2. A pharmaceutical aerosol composition according to claim 1, characterized in that insulin is used as the active substance.

3. A pharmaceutical aerosol composition according to claim 2, characterized in that the insulin is used in a concentration of 25-60 mg/ml.

4. A pharmaceutical aerosol composition according to claim 2, characterized in that the insulin is used in a concentration of more than 30 mg/ml.

5. A pharmaceutical aerosol composition according to claim 2, characterized in that the insulin is used in a concentration of 30-60 mg/ml.

6. A pharmaceutical aerosol composition according to claim 2, characterized in that the insulin is used in a concentration of 33-40 mg/ml.

7. A pharmaceutical aerosol composition according to claim 1, characterized in that superoxide dismutase is used as the active substance.

8. A pharmaceutical aerosol composition according to claim 1, characterized in that interferon is used as the active substance.
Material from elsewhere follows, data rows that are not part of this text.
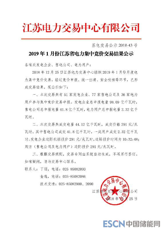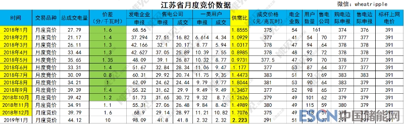 中國儲能網(wǎng)訊:據(jù)悉,江蘇電力交易中心12月25日公布2019年1月份月度集中競價結(jié)果,相較于2018年1.5分/千瓦時的月度價差和2019年2.18分/千瓦時的年度雙邊交易價差,本次成交價格較標(biāo)桿電價下降破紀(jì)錄的0.1元/千瓦時。
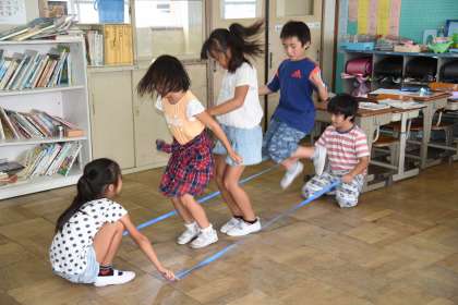 3拍子の「いるかはざんぶらこ」のリズムに合わせてバンブーダンスをゴム紐でしました。いろいろなステップでしました。3拍子のリズムを体で表現できました。
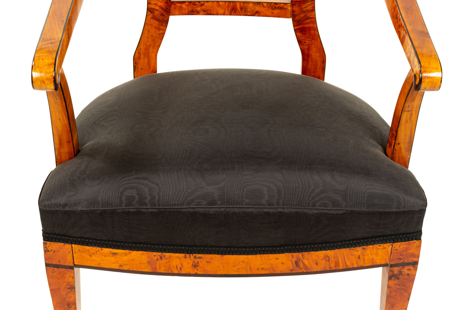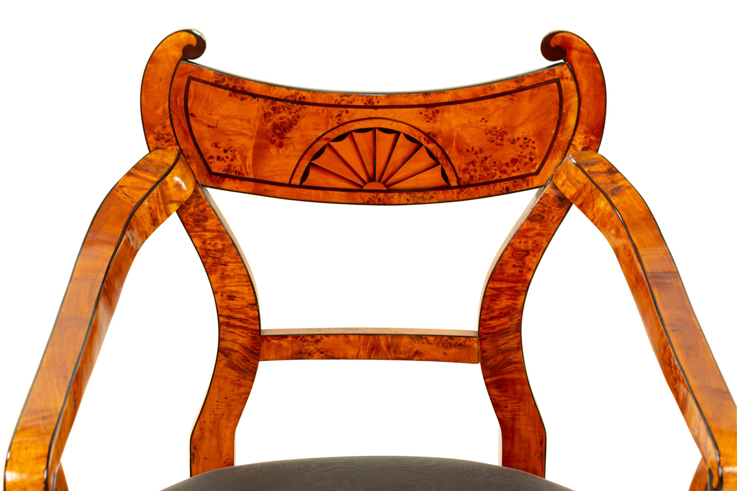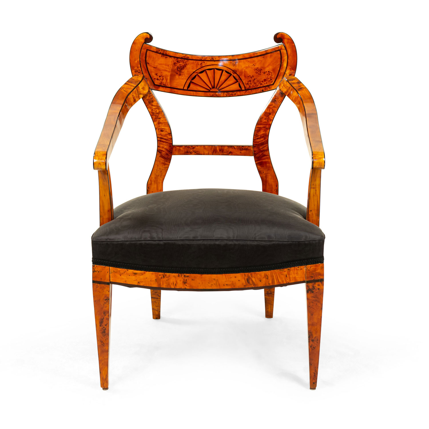 Austrian Biedermeier Karelian birch arm chair with ebonized & mahogany inlaid trim on back with scroll design finial. (Circa 1825)
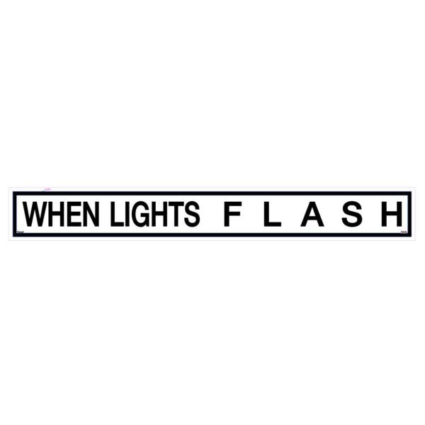 - TS-150 Clause 6.1 Compliance: Displays the ‘WHEN LIGHTS FLASH’ message, following the exact dimensions required for visibility.
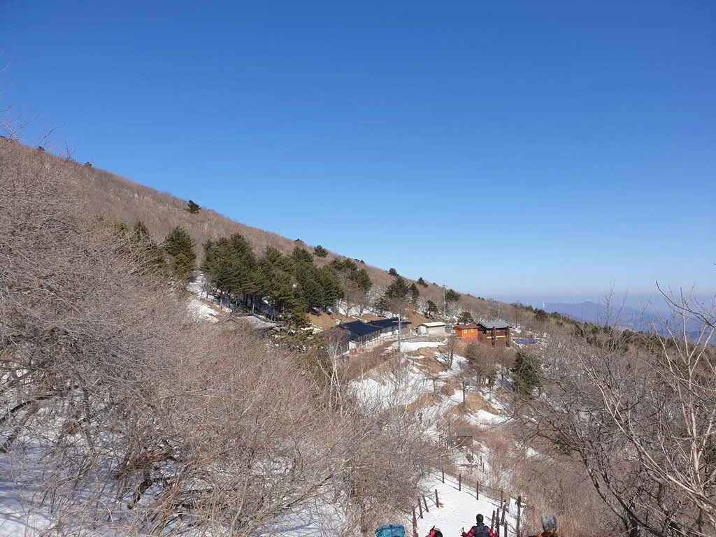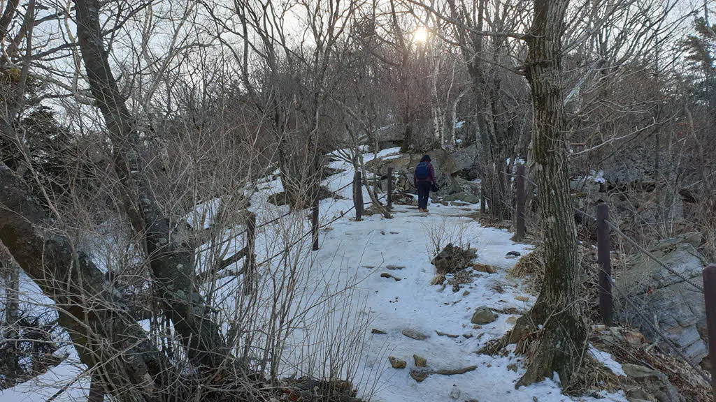 내려가는 내내 눈길이었는데… 만약 백단사 매표소(주차장)에서 올라간다면 정상까지 쉼없는 급경사길이 이어진다. 유일사에서 올라가는 편이 훨씬 수월할 듯 싶다.
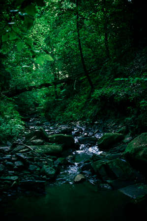 mountain stream in the dark thickets of dense forest on the slope of the mountains
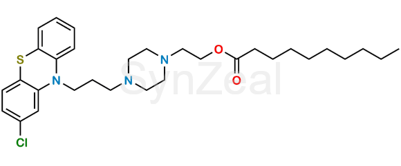 Perphenazine Decanoate is chemically 2-(4-(3-(2-Chloro-10H-phenothiazin-10-yl)propyl)piperazin-1-yl)ethyl decanoate. Perphenazine Decanoate is supplied with detailed characterization data compliant with regulatory guideline. Perphenazine Decanoate can be used for the analytical method development, method validation (AMV), Quality Controlled (QC) application for Abbreviated New Drug Application (ANDA) or during commercial production of Perphenazine.
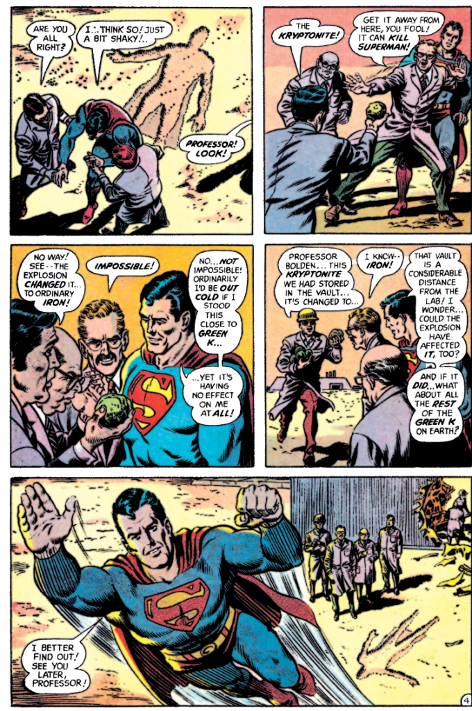 Kryptonite was one of the things that defined Superman in the 1950s and 1960s. Any fan could tell you the different colors (red, gold, blue, white, jewel) and their effects; it was what kept the Man of Might from being unstoppable to the point of boring. In this issue, though, a chain reaction in a kryptonite-fueled nuclear power plant converts all kryptonite on Earth to iron.
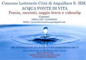Le associazioni “DIRITTI CITTADINANZA DEL LAGO”, ente di valorizzazione che opera nel territorio italiano, per la difesa dei diritti umani, a favore delle persone svantaggiate; “TERRA TRICOLORE”, agenzia media, marketing e “LO SGUARDO DI HANDALA”, Onlus che promuove rassegne cinematografiche, documentando diversi aspetti della società civile; promuovono un concorso di poesia, racconto, saggio breve e videoclip dal titolo: “Acqua fonte di vita”.

9. A pharmaceutical aerosol composition according to claim 1, characterized in that interferon omega is used as the active substance.

10. A pharmaceutical aerosol composition according to any of claims 1 to 9, characterised in that it contains one or more adjuvants.

11. A pharmaceutical aerosol composition according to claim 10, characterized in that the auxiliary agents are selected from surface-active substances, surfactants, emulsifiers, stabilizers, penetration enhancers and/or preservatives.

12. A pharmaceutical aerosol composition according to claim 1, characterized in that the viscosity of the aerosol formulation is 0-1600 x 10 at 25 ℃ as measured with an Ostwald viscometer^-6Pa·s。

13. A pharmaceutical aerosol composition according to claim 1, characterized in that the viscosity of the aerosol solution is measured with an Ostwald viscometer at 25 ℃ at 900 x 10^-6And 1600X 10^-6Viscosity between Pa · s.

14. A pharmaceutical aerosol composition according to claim 1, characterized in that the viscosity of the aerosol solution is 900 x 10 at 25 ℃ as measured with an Ostwald viscometer^-6～1100×10^-6Pa·s。

15. A pharmaceutical aerosol composition according to claim 1, characterized in that the viscosity of the aerosol formulation is 950 x 10 at 25 ℃ as measured with an Ostwald viscometer^-6And 1300 x 10^-6Viscosity between Pa · s.

16. Pharmaceutical aerosol composition according to one of claims 12 or 14, characterized in that superoxide dismutase is used as active substance.

17. A pharmaceutical aerosol composition according to either of claims 12 or 14, characterised in that the active substance is an interferon.

18. A pharmaceutical aerosol composition according to either of claims 12 or 14, characterised in that the active substance is interferon omega.

19. A pharmaceutical aerosol composition according to either of claims 12 or 14, characterised in that the active substance is insulin.

20. A method of aerosol production for the administration by inhalation of a pharmaceutical aerosol composition according to any one of claims 1 to 19, characterized in that a single dose of a therapeutically effective amount of the aerosol formulation is metered and ejected from a metering chamber through at least one nozzle having a hydraulic diameter of 1 to 12 μm at a high pressure of between 100 and 500 bar in a propellant-free nebulizer to form inhalable droplets having a mean particle size of less than 10 μm.

21. A method according to claim 20, characterized in that the preparation is sprayed over a period of 1-2 seconds.

22. A method according to claim 20 or 21, characterized in that the effective amount is 10 to 20 μ l in a single dose.

23. A method according to claim 20 or 21, wherein the nebuliser has 2 nozzles, the nozzles being oriented such that the two jets converge to atomise the aerosol formulation.

24. A method of aerosolizing a pharmaceutical aerosol composition of claim 1 for the treatment of diabetes to form an aerosol suitable for inhalation, the aerosol comprising insulin as the active agent, wherein, in a single use, 10-50 μ l of a solution comprising 25-60mg/ml insulin is sprayed using a nebulizer to form inhalation droplets.

25. The method of claim 24, wherein 10 to 20 μ l of the solution containing 30 to 40mg/ml of insulin is inhaled.

26. Use of a pharmaceutical aerosol composition according to any of claims 2 to 8 in the manufacture of an aerosol medicament having a mean particle size of less than 10 μm.